Our research focus is in the area of Process Systems Engineering and in
particular the development and analysis of efficient understanding, modeling and solution approaches for
product and process design and process operations.
In particular the following three research areas are of interest:
(1) Process operations involving scheduling, planning and supply chain management comprising of deterministic and stochastic approaches,
(2) Modeling of reactive flow processes involving reduction of complex reaction systems appearing in combustion and environmental systems, integration of detailed chemistry with complex flow, simulation and analysis of reactor systems and metabolic engineering and
(3) Design and synthesis of flexible manufacturing systems that includes uncertainty analysis, process synthesis and optimization algorithmic development. Some of the highlights of our research are described below:
Short-term Scheduling in a Dynamic Environment
The main goal of this project is to develop an integrated methodology to handle uncertainty in short-term scheduling problem. Recognizing the fact that real plants exist in a dynamic environment where the scheduling parameters change as the schedule is being executed, a schedule developed before hand may become inefficient or even infeasible. The ability to react to unexpected events during the execution of a schedule is an important part of plant operating strategy. The uncertainty considered in this work can be viewed as (a) fluctuations in product demands, prices and processing times, and (b) unexpected deviations in unit availability (machine break-down). First, the expected range of parameter uncertainty is incorporated within the short-term scheduling model so as to determine a robust schedule capable of meeting the expected range of uncertain parameter values. This is achieved by exploiting and further analyzing the sensitivity information provided by the solution of the original Mixed Integer Linear Programming (MILP) problem. The second objective is to develop efficient models that systematically incorporate different alternatives concerning the rescheduling decisions. The goal is to determine the optimal rescheduling policy that minimizes the deviations from the old schedule while taking into account the satisfaction of other production decisions.

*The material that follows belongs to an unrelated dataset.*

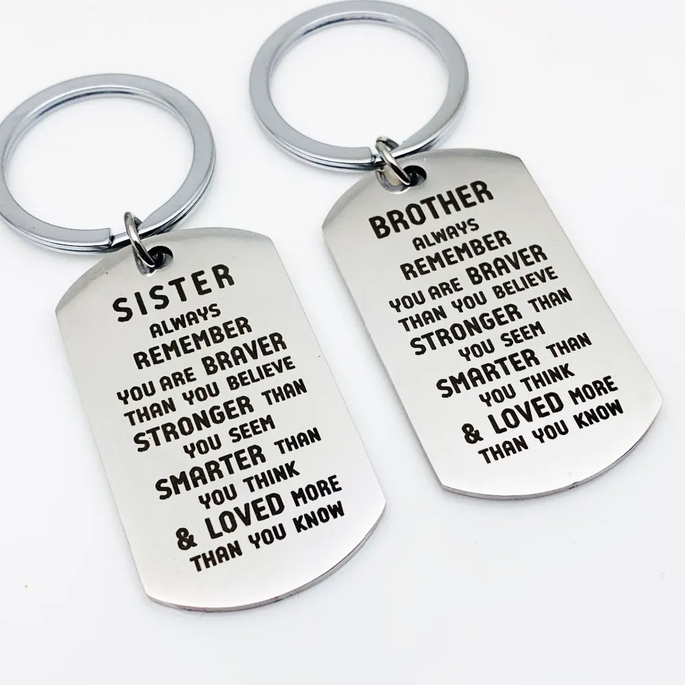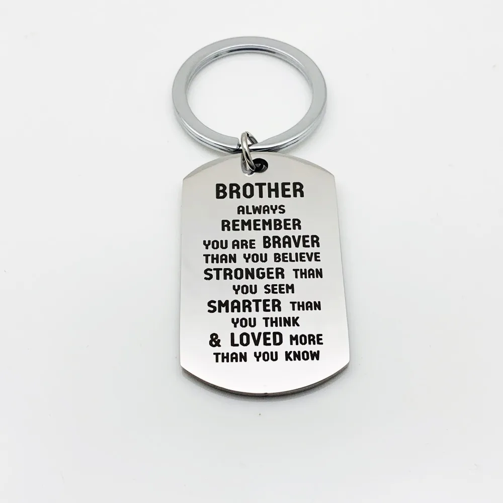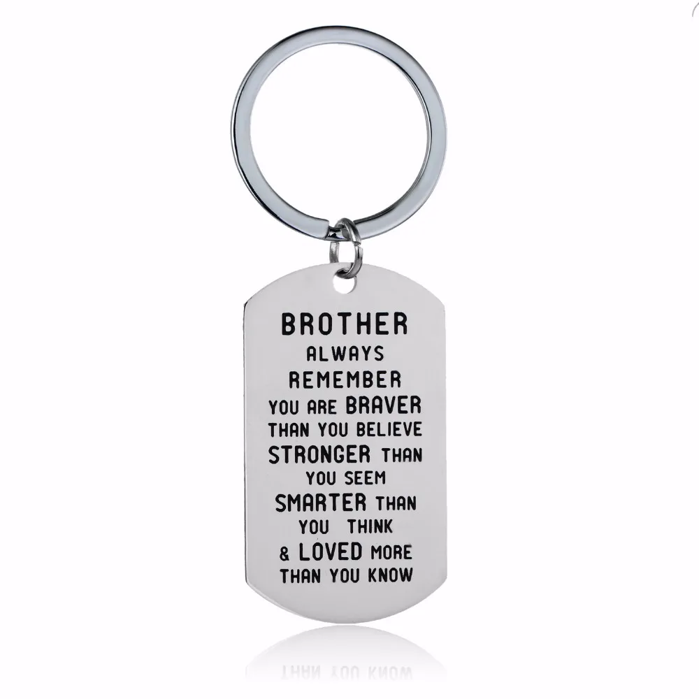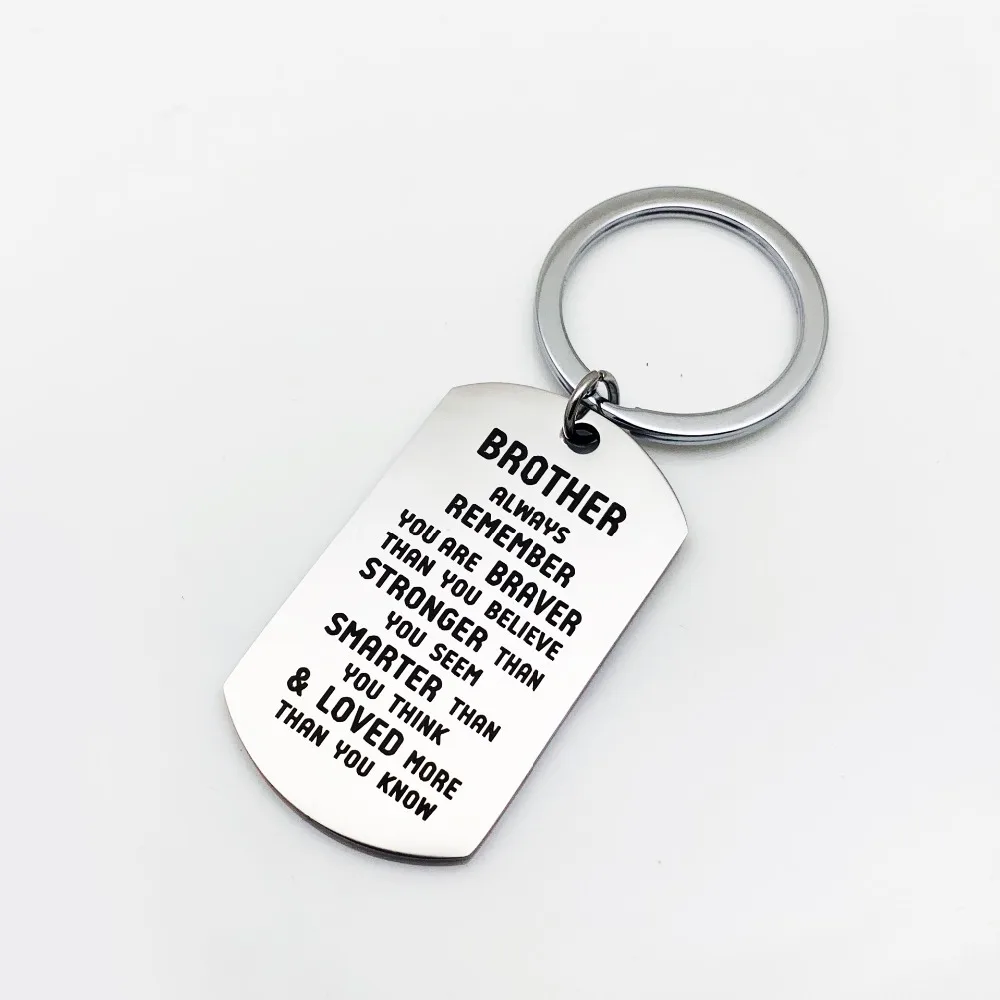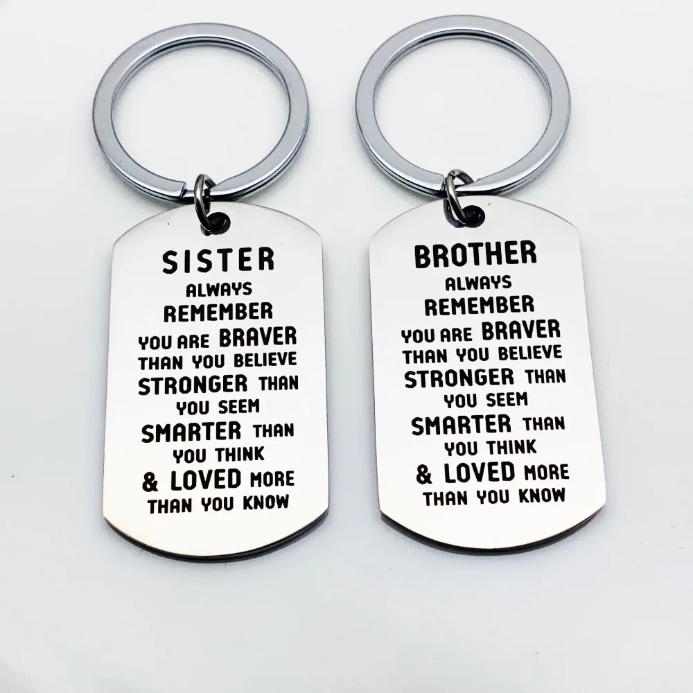 Name:ZRM Jewelry Stainless Steel Key Chain Brother/Sister Remember You Are Brave Keychain Bag Car Key Ring Party Gifts

Design of Non-continuous Multi-product Chemical Plants: Optimization of Long-Term Plant Performance
The manufacturing of bulk drugs, intermediates and fine chemicals at large is characterized by a high level of uncertainty regarding the product mix (which products, when and at what volumes) over the intermediate and long-terms. These uncertainties also apply to the makers of the fine chemical intermediates who must ramp up their capacities even sooner sometimes before the target drug can be projected to be clinically useful or safe. The objective of this project is to develop a systematic methodology for the design of very agile, large-scale pilot plants capable of consecutively running any of a large number of unplanned chemical steps without significant modifications. It is proposed that systematic process design methods can be developed to impact the key pilot plant attributes to a large capacity commercial plant for the production of fine chemicals/intermediate and bulk drugs. This target will be reached without excessive capital outlays, resulting in a manufacturing capability that is agile, productive and sparing of capital investment over its useful life. Specifically, it is proposed to bring together a large assembly of bulk drug processing skills and advanced mathematical methods that have shown success in process design under uncertainty.
Modeling of Reactive Flow Processes
Reactor models based on first principles have been proved to provide accurate results over a wide range of operating conditions, reactor types, charges and transport dynamics. Unfortunately though a complex kinetic network is most commonly needed that results in excessive computational expense even with the present increased computer power.
The challenging problem lies on the interaction of the various physical processes with complex reaction kinetics in turbulent reacting flows. The main limitation is the existence of a wide spectrum of time and length scales in turbulent flows that makes Direct Numerical Simulation (DNS) of Navier-Stokes equations infeasible in terms of computational requirements. Thus simplified mixing and reaction models are needed as tools for the description of complex reaction systems.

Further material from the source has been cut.